Friday, October 9, 2020

Requirements for out-of-process device emulation

Over the past months I have participated in discussions about out-of-process device emulation. This post describes the requirements that have become apparent. I hope this will be a useful guide to understanding the big picture about out-of-process device emulation.

What is out-of-process device emulation?

Device emulation is traditionally implemented in the program that executes guest code. This approach is natural because accesses to device registers are trapped as part of the CPU run loop that sits at the core of an emulator or virtual machine monitor (VMM).

In some use cases it is advantageous to perform device emulation in separate processes. For example, software-defined network switches can minimize data copies by emulating network cards directly in the switch process. Out-of-process device emulation also enables privilege separation and tighter sandboxing for security.

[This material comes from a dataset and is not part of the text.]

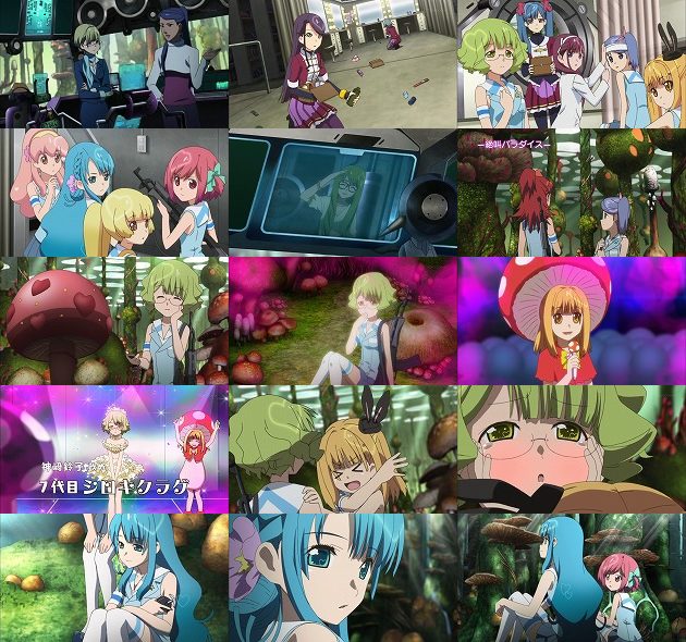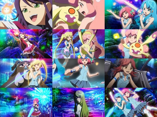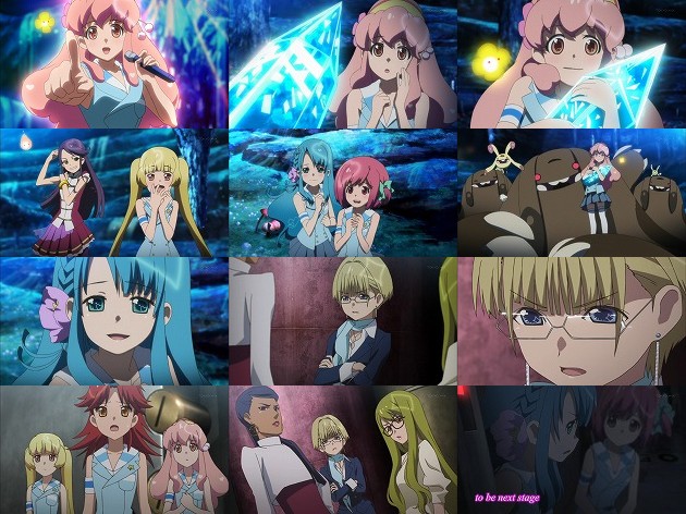 歌で森がひとつになり、デュアリウム結晶の輝きは巨大な光球となってゾディアック機を撃破します。 ゾディアックを破った00メンバーに、フンギーは巨大なデュアリウム結晶を分け与えて友好の印とします。言葉が通じない相手でも、歌を通じて分かり合える・・・この時、智恵理はひとつの決心をします。 デュアリウム結晶の力と00メンバーの歌の力を結合させれば、アキバスター奪還の大きな原動力となる・・・ツバサさんが考えてる所にもたらされる、智恵理と凪沙の行方不明の報せ。智恵理と凪沙はフンギスターから撤退するゾディアックの宇宙船に乗り込み、そのまま智恵理の父親の元へ向かおうとしていたのでした・・・何て無謀な! さて、残り3話でどうやって話をまとめるのか・・・智恵理&凪沙のセンターノヴァ化、アキバスターの奪還、あっちゃんやゆうこたちの帰還と残された課題は多いです。まさか「劇場版につづく」って事はないよね!?

Why are these requirements important?

When emulated devices are implemented in the VMM they use common VMM APIs. Adding new devices is relatively easy because the APIs are already there and the developer can focus on the device specifics. Out-of-process device emulation potentially leaves developers without APIs since the device emulation program is a separate program that literally starts from main(). Developers want to focus on implementing their specific device, not on solving general problems related to out-of-process device emulation infrastructure.

It is not only a lot of work to implement an out-of-process device completely from scratch, but there is also a risk of developing the wrong solution because some subtleties of device emulation are not obvious at first glance.

I hope sharing these requirements will help in the creation of common infrastructure so it's easy to implement high-quality out-of-process devices.

Not all use cases have the full set of requirements. Therefore it's best if requirements are addressed in separate, reusable libraries so that device implementors can pick the ones that are relevant to them.

Device emulation

Device resources

Devices provide resources that drivers interact with such as hardware registers, memory, or interrupts. The fundamental requirement of out-of-process device emulation is exposing device resources.

The following types of device resources are needed:

Synchronous MMIO/PIO accesses

The most basic device emulation operation is the hardware register access. This is a memory-mapped I/O (MMIO) or programmed I/O (PIO) access to the device. A read loads a value from a device register. A write stores a value to a device register. These operations are synchronous because the vCPU is paused until completion.

Asynchronous doorbells

Devices often have doorbell registers, allowing the driver to inform the device that new requests are ready for processing. The vCPU does not need to wait since the access is a posted write.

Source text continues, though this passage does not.